SGT-003 omvat AAV-SLB101 om Solid's eigen en gedifferentieerde neuronale stikstofoxidesynthase (nNOS) microdystrofine te leveren voor de behandeling van Duchenne. Het SGT-003-programma van Solid bevat verbeteringen van zowel AAV-SLB101 als drievoudige transfectieproductie. Solid presenteerde ook gegevens van een kleine in vitro chemische screening waarbij zes middelen (neuraminidase, etoposide, teniposide, poloxamer 188, insuline en DHBDC) de AAV9-transductie aanzienlijk meer dan twee keer verhoogden in dystrofine-deficiënte muismyotubes.

(Poster P693). Remmers van neuraminidase en topoisomerase II (topo II) lieten de grootste verbetering van de transductie zien. Van de geëvalueerde topo II-remmers toonde mitoxantrone de grootste toename in AAV9-transductie.

De studies toonden ook aan dat middelen uit verschillende geneesmiddelenklassen (bv. neuraminidase en mitoxantrone) gecombineerd kunnen worden om een meer dan additieve toename van de transductie te bereiken. SGT-003 is de volgende generatie AAV-genoverdrachttherapiekandidaat van Solid die gebruik maakt van een rationeel ontworpen, nieuwe spiertrope AAV-capside, genaamd AAV-SLB101, om Solid's eigen en gedifferentieerde nNOS-microdystrofine te leveren voor de behandeling van Duchenne.

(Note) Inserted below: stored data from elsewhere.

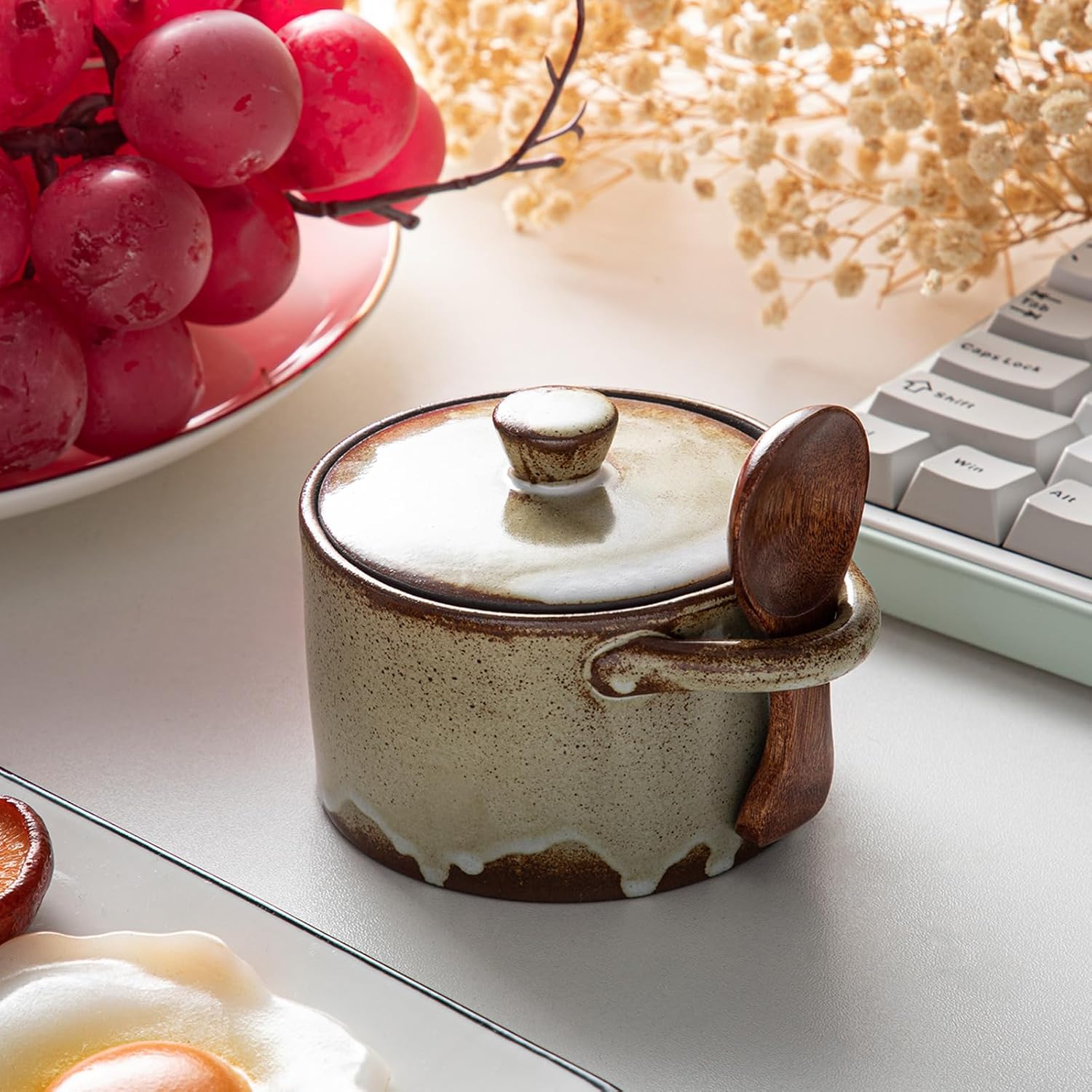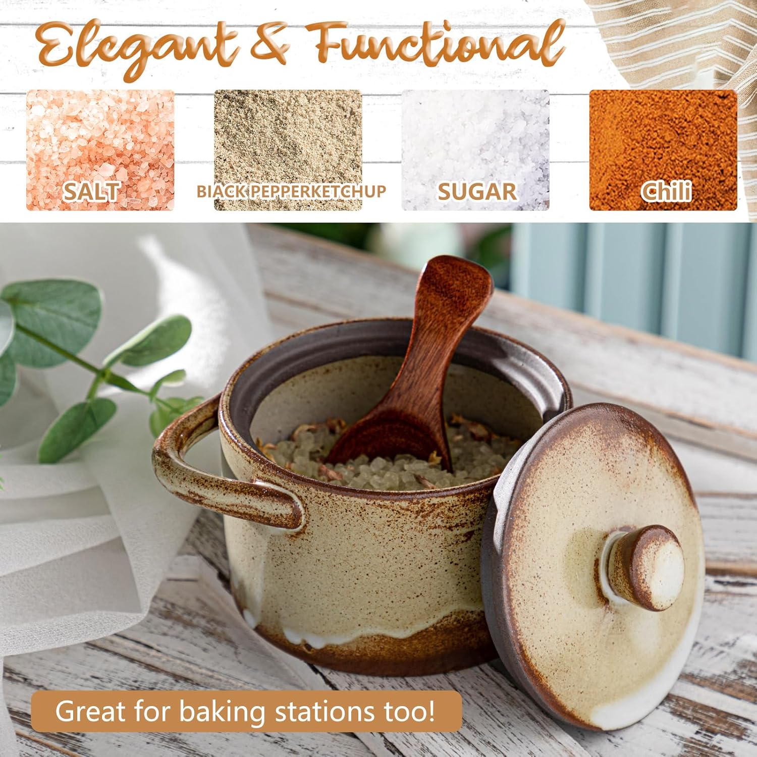 - Reliable Materials: salt bowl with lid is crafted from ceramic, complemented by a sturdy wooden lid, this durable piece promises longevity; Its robust build ensures resistance to daily wear and tear, making it a reliable choice for your spice storage needs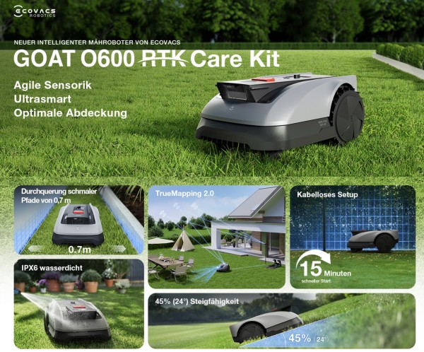 ECOVACS Goat O600 RTK Care Kit Mähroboter ohne Begrenzungskabel für 499€ – bis 600qm, RTK+Vision-Navigation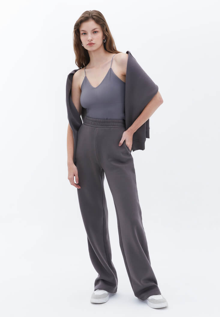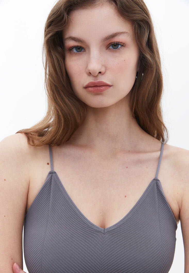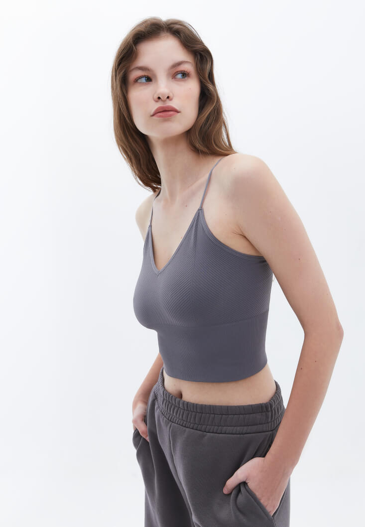 • Bayan Gri V Yaka Dikişsiz Crop Atlet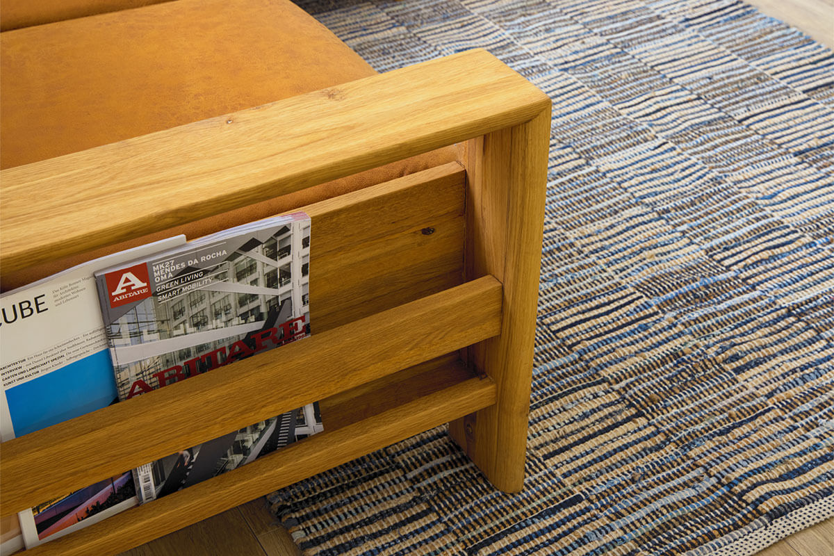 外肘にはマガジンラックが付いているので、タブレットや雑誌を収納でき、インテリアのワンポイントにもなります。

AAV-SLB101 heeft een verbeterde spierbiodistributie en transgene expressie aangetoond, evenals een verminderd lever tropisme, in vergelijking met AAV9 in vivo muismodellen en, met behulp van een reporter transgen, niet-menselijke primaat in vivo modellen.

SGT-003 heeft dienovereenkomstig hogere niveaus van microdystrofine-expressie aangetoond in vivo in het mdx-muismodel van Duchenne en in vitro in menselijke Duchenne-cellijnen. Solid streeft naar een IND indiening voor SGT-003 medio 2023.